SANTA BARBARA, Calif. - Not far from beach closure signs you will still find many people at the beach who are not violating the Labor Day COVID-19 health order rules.
They aren't worried because what's banned isn't what they do.
These aren't people who tan for hours, barbecue with a large group at a picnic table or build sand castles.
They walk, run, play with their dogs, paddleboard, surf, boogie board, boat, kayak, and do similar activities without standing still, sitting, laying out towels, coolers or chairs.
The intent of the partial closures is to discourage group gatherings and unless that takes place, and warnings are refused, it is unlikely law enforcement will be heavy-handed about a violation.
Police and Harbor Patrol officers who see people gathering in violation of the rules, defying warnings and public safety, will hold a much different conversation.
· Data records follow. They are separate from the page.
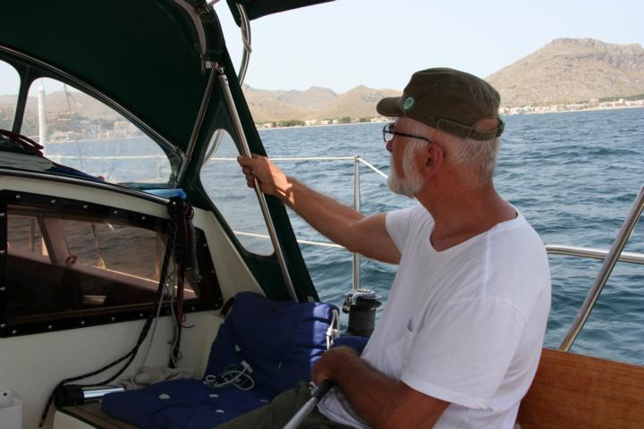 fuhren wir erst einmal in die Bahía um unsere neue Rollfock auszuprobieren. War gut modifiziert und wir glücklich nun gute Segelkleidung für unsere weitere Fahrt zu haben. In der Bucht von Pollenca blieben wir noch 4 Tage. Wie herrlich war es wieder ins Wasser zu springen als es uns zu heiß war. Die Wassertemperatur betrug 27-28°C. An einem Tag fuhren wir wieder in die Bahía um den Kompaß neu zu eichen und vor allem auch unseren neuen Autopilot "Heinrich" zu probieren und auf CACIQUE abzustimmen. Klappte alles prima.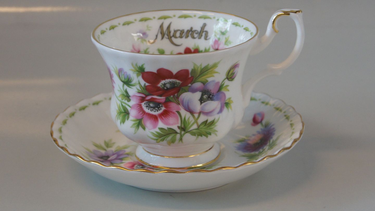 Kaffekop med underkop "Marts" Royal Albert Månedstel
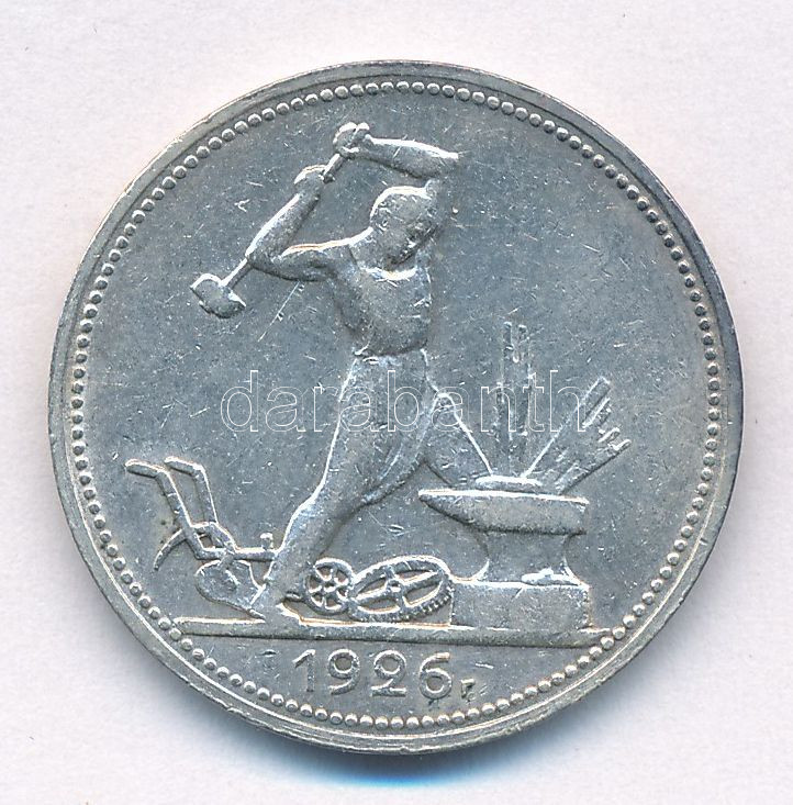 Szovjetunió 1926. 1P (50k) Ag T:AU,XF Soviet Union 1926. 1 Poltinnik (... https://www.darabanth.com/de/477-Fernauktion/477.0/Numismatik/Weltweit-Munzen~500017/Szovjetunio-1926-1P-50k-Ag-TAU-XF-Soviet-Union-1926-1-Poltinnik-50-Kopecks-Ag-CAU-XF-Krause~II3251819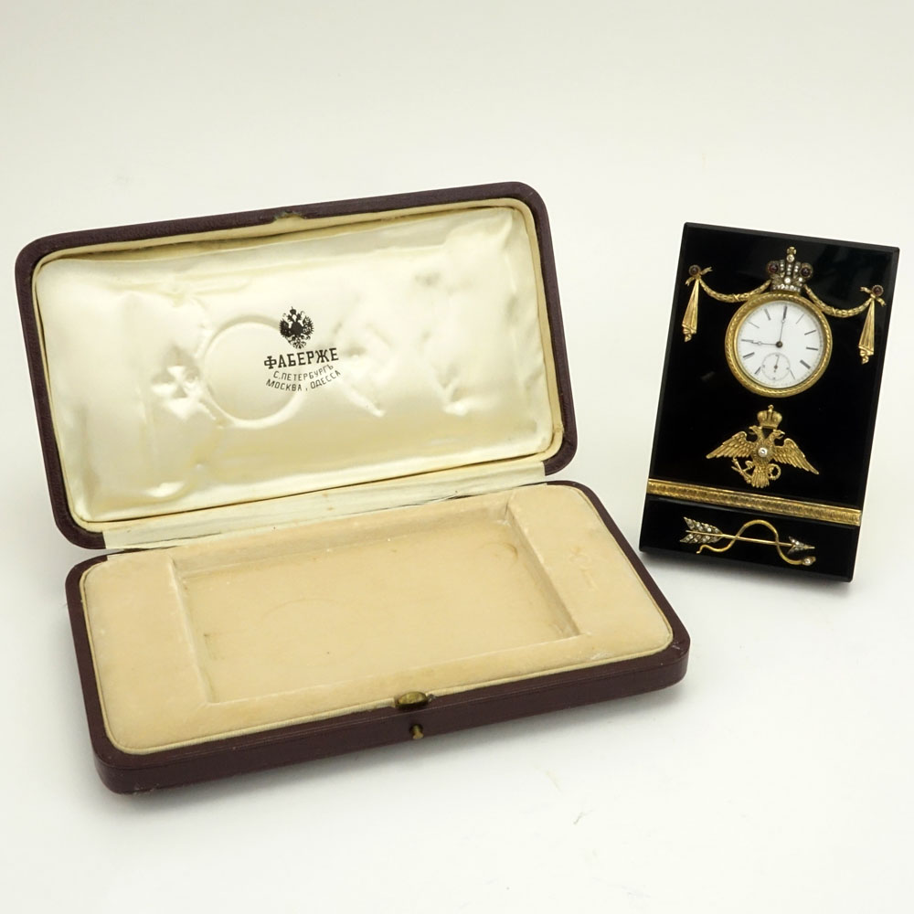 20th Century Russian 88 Gilt Silver Mounted Black Onyx Desk Clock accented with Rose Cut Diamonds and Cabochon Garnets in fitted box signed Faberge. Back of clock Signed Faberge, ?? and 88 Kokoshnik. Good condition, no key. Measures 5-3/8" H, 3-1/2" W. Shipping $68.00 (estimate $2800-$4000)

The same goes for those who are violating parking restrictions as has been the case in the area of Fernald Point and Humphrey Road in Montecito where parked cars on busy beach days have not only been in no parking zones, they have been around fire hydrants, and too close together on small streets to allow emergency vehicles to easily pass.
In one case near the popular Miramar Beach, the distance between cars can sometimes be as little as 11 feet. Efforts have been made to resolve this.
The First District County Supervisor, Das Williams, along with residents, the Montecito Fire Protection District and Santa Barbara Sheriff's Department have a joint effort to keep the streets safely open and direct the public to alternative parking areas rather than the overcrowded closest streets by the beach.
It wouldn't be as much of an attraction if it were overcast and gloomy, but it will be the exact opposite this weekend. The excessive heat will produce among the hottest days of the year and likely break temperature records in some areas.
Forecasters are already predicting highs in the upper 90's in Santa Barbara and over 100 degrees in all the inland valley areas.
Pat Garner walked on the Santa Barbara breakwater wall saying to avoid the heat, "I just go from shade to shade."
A Channel Island harbor boat owner Walter Wotman took a cruise up the coast with friends. "We took our boat from the Channel Island harbor and we parked it over here in this harbor [Santa Barbara] and we are boat camping. We are socially, respectfully distancing as we can and enjoying it."
Many people said it was easy to find alternatives to tanning or having a beach barbecue.
"It's so nice. Just because you can't lie down doesn't mean you can't be outdoors," said Monica McCaffrey. She says the walk along the breakwater is usually about 10 degrees cooler than most areas nearby.
"It's always cool, there's always a breeze. There's water on both sides so it is really nice to go out there and watch the surfers at the end and look over at the wharf. Yeah, it's a nice place," said McCaffrey.
One crowd observation came from a frequent visitor who sees fewer people now than at any other time in over a decade.
Pat Garner said, "really it's almost no one compared to the past. We have been coming out here for maybe 15 years and this is the slowest I've seen it."
Garner says, compared to Phoenix where she was three weeks ago, "when we left it was a 118 and going up and then for at least two months it was over 111. 111, 112, 115, 117, it's been brutal, very brutal. At midnight it's 105!"